A boom in trading Dutch natural gas is showing no signs of slowing as interest from outside Europe continues to grow.
Traders of the region’s benchmark gas contracts based beyond Europe have increased by 164% since 2016, according to Gordon Bennett, managing director for utility markets at ICE Futures Europe.
“TTF is becoming a global gas marker, it is the ‘Brent’ of the gas market,” Bennett said in an interview. “A lot more participants are coming from outside Europe.”
As European gas supply contracts continue to move away from long-term oil-indexed pricing, Dutch virtual trading hub Title Transfer Facility has become the most widely used interchange on the continent. The number of traders using TTF has surged 83% between 2016-2020, Bennett said. Meanwhile, TTF futures have registered records in open interest throughout May, according to data from ICE.
The expansion of liquefied natural gas trading from countries such as the U.S. has helped bolster interest in the hub, as well as Europe’s vast infrastructure and the evolution of speculative trading. It’s turned the regional benchmark into a price reference for calculating the cost of moving cargoes across the globe.

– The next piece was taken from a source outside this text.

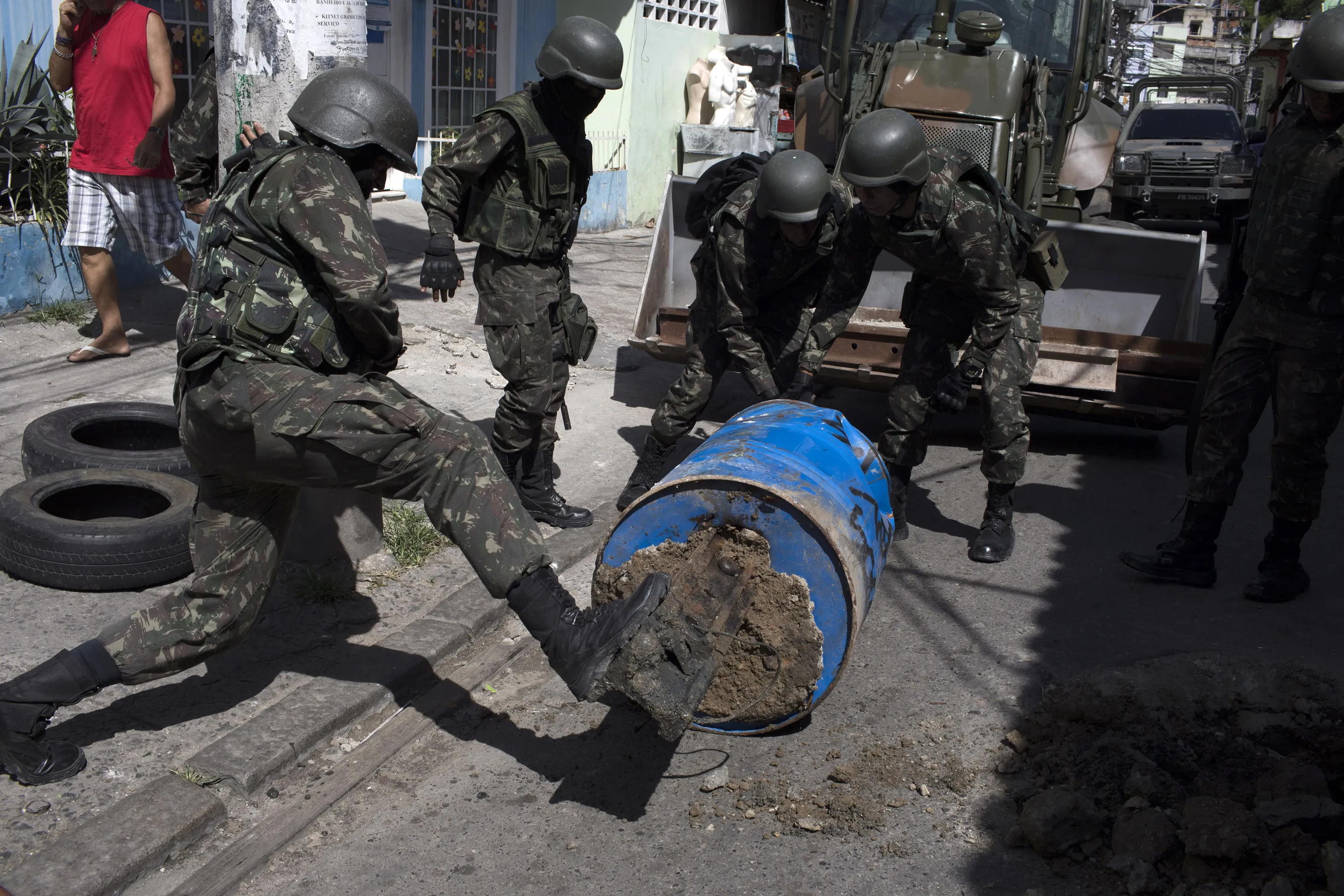 Soldiers remove a barricade during a surprise operation in Jacarezinho slum in Rio de Janeiro, Brazil, Thursday, January 18, 2018. (Photo by Leo Correa/AP Photo)

Bennett didn’t disclose which companies were using TTF but commodity traders, utilities and LNG suppliers outside Europe have all increasingly linked their sales to the hub. LNG tenders from Argentina to Turkey are now being priced at a premium or discount to TTF. Volumes traded of the Dutch contract could even exceed ones for U.S. benchmark Henry Hub, with the fastest growth seen in participants from the U.S., Bennett said.
North Asia’s LNG benchmark, the Japan-Korea Marker, has also taken its cue from higher European prices, surging earlier this month as traders in the Pacific were forced to raise bids to attract shipments away from the Atlantic. On Monday, Vitol SA bought an LNG cargo from Royal Dutch Shell Plc linked to the TTF contract for July delivery to China.